All you really have to do is make your own Git repository accessible. Those "in the know" can carefully clone your submodule and put it in place in the superstructure(s) provided by the existing superproject(s). But if you want it to be convenient for others to clone a superproject (only), and have that superproject's git submodule update --init clone your submodule, you must update the .gitmodules file in any Git repository that acts as a superproject for your submodule.

Let's say that you have this structure initially:

super                <-- their superproject
super/sub1           <-- their submodule
super/sub1/sub2      <-- their sub-submodule

There are two .gitmodules files, one in super/sub1/.gitmodules that lists the URL from which one can clone sub2, and one in super/.gitmodules that lists the URL from which one can clone sub1.

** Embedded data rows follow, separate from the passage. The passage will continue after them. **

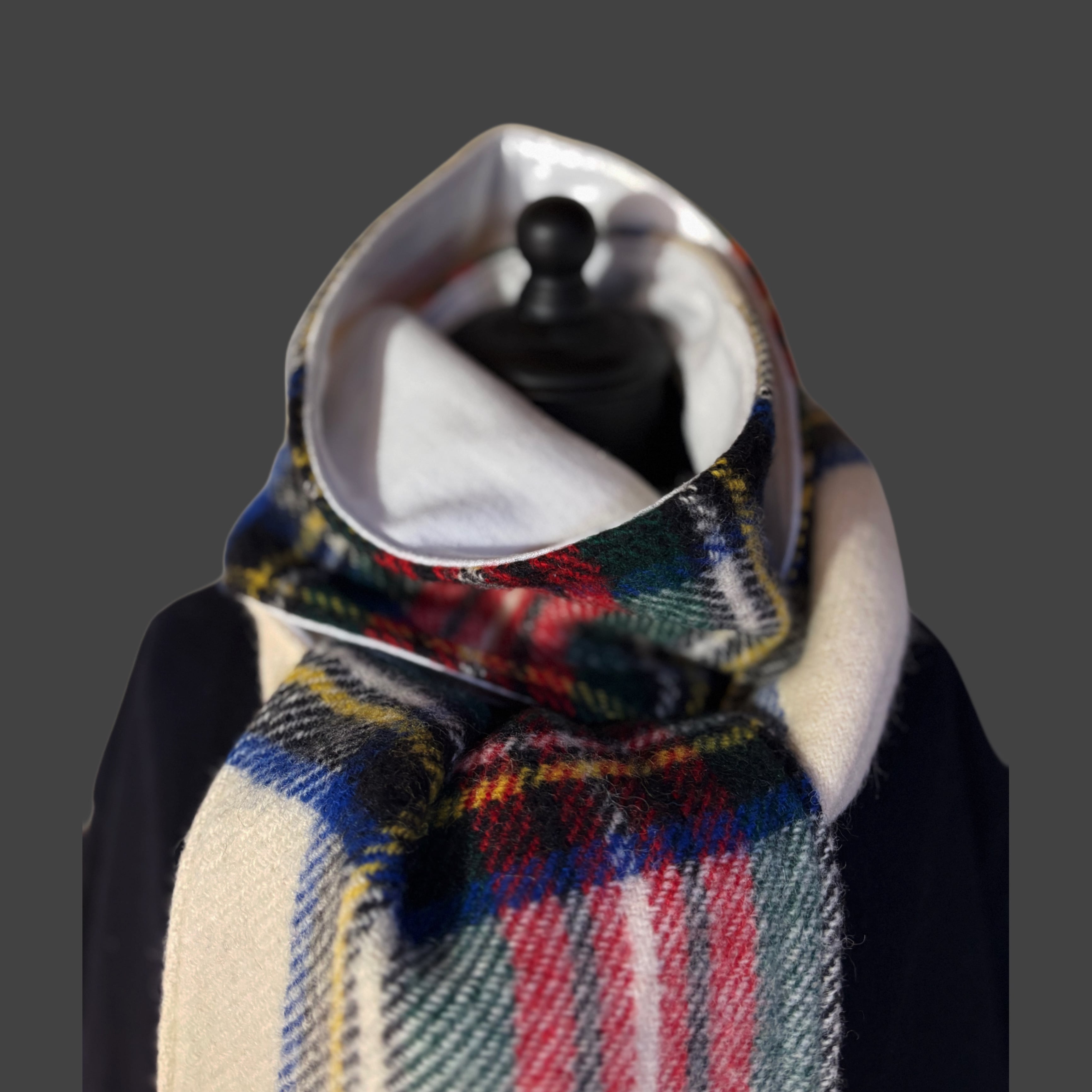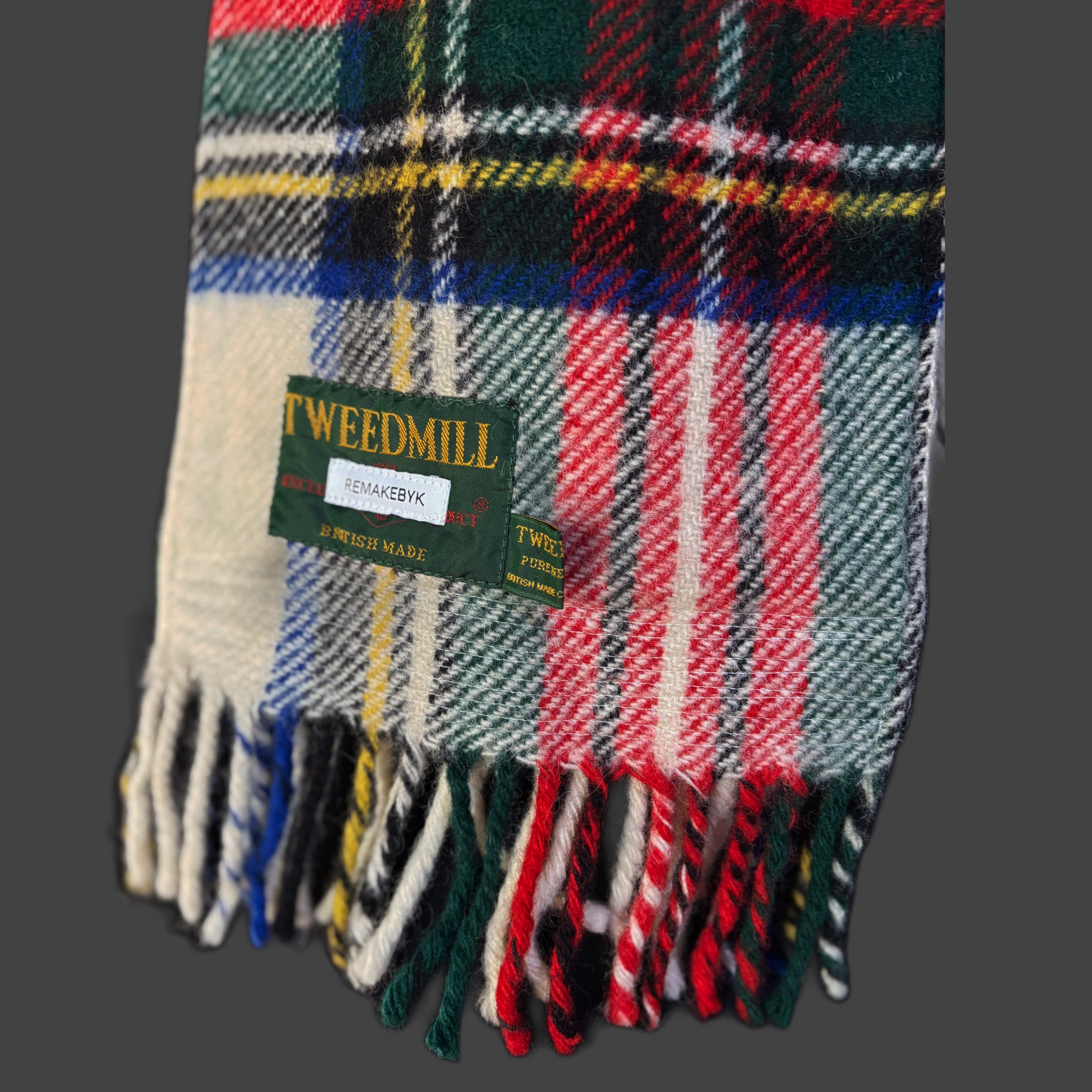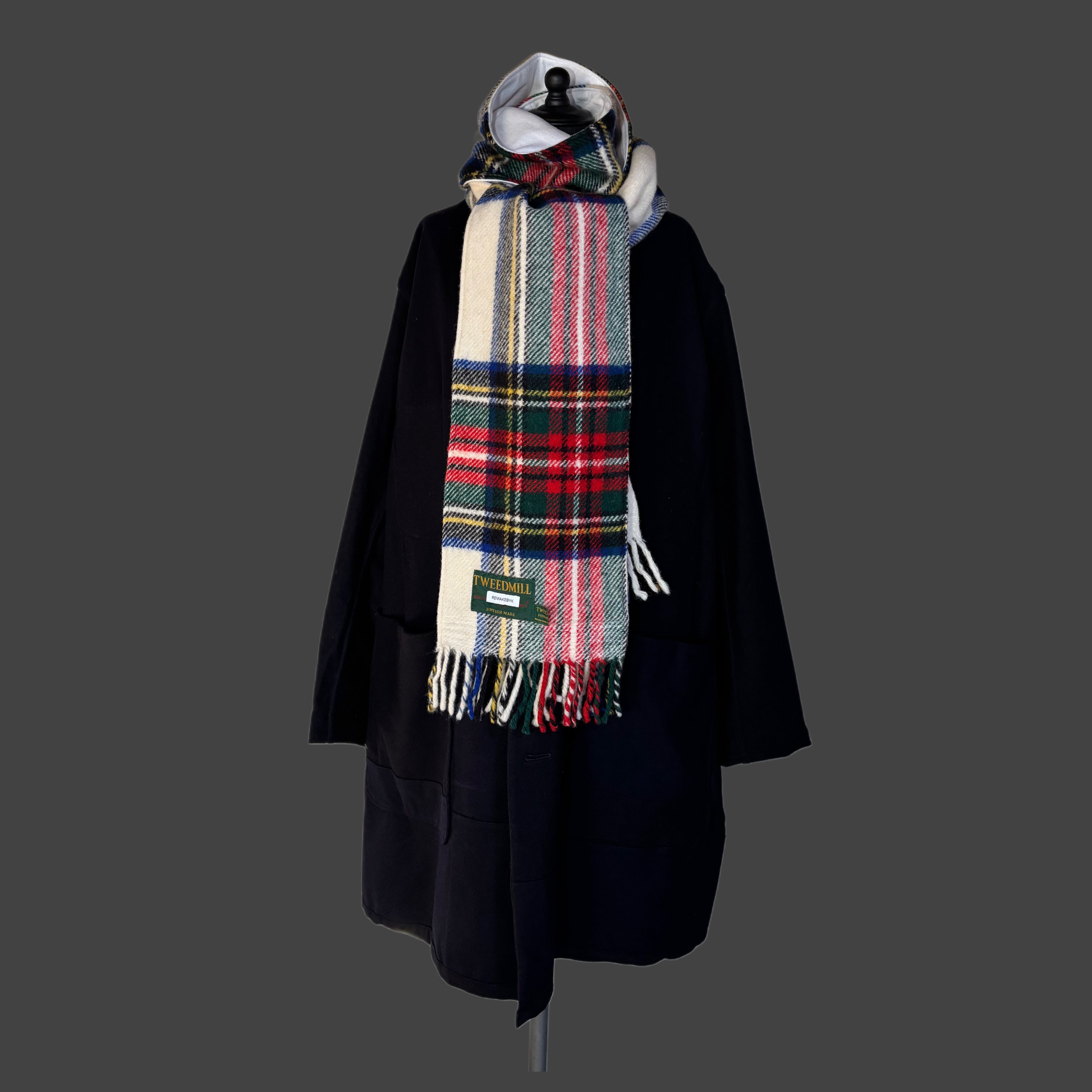表に重厚なタータン、裏に90年代のスウェットを使用。
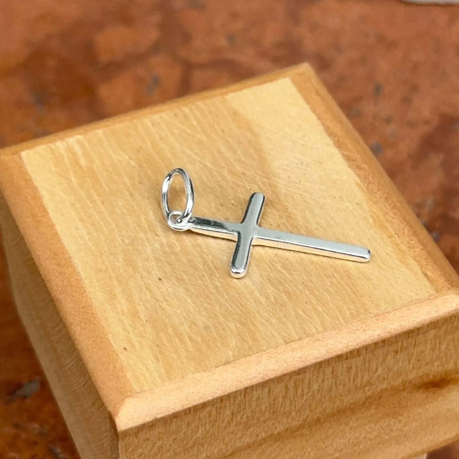 Sterling silver polished plain flat cross pendant charm
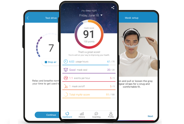 Κάθε συσκευή σας δίνει πρόσβαση στο myAir™ , ένα δωρεάν λογισμικό πρόγραμμα υποστήριξης που συγχρονίζεται με το κινητό σας ή την διασυνδεδεμένη συσκευή σας (tablet, pc). Παρέχει καθημερινό σκορ ύπνου, με άριστα το 100, υποστηρίζοντάς σας και καθοδηγόντας σας, σε κάθε βήμα της θεραπείας.

Because you've made a new repository that replaces sub2, you must now make a new repository that replaces sub1, in which the .gitmodules file in sub1 lists the new URL for your replacement sub2. But to get the superproject super to list the new URL for your replacement sub1, you must now make a new repostiory that replaces super, in which the .gitmodules file in super lists the new URL for your sub1 replacement.

In other words, the need to touch .gitmodules files "bubbles up" from the lowest submodule, through every intermediate submodule, and eventually reaches the topmost superproject. This is inevitable if you want to make it convenient for others to clone your bottom-level submodule.

But that's an if. Submodules are already horrible; what's another level of horrible-ness here? You can, instead of duplicating other repositories just to update one .gitmodules file in each one, provide an instruction that, after doing a recursive clone or update --init, those who want to use your sub-sub-module should remove the one clone and replace it with yours.

It's your choice: make it convenient for others by making it inconvenient for you, or make it more convenient for you by making it inconvenient for others.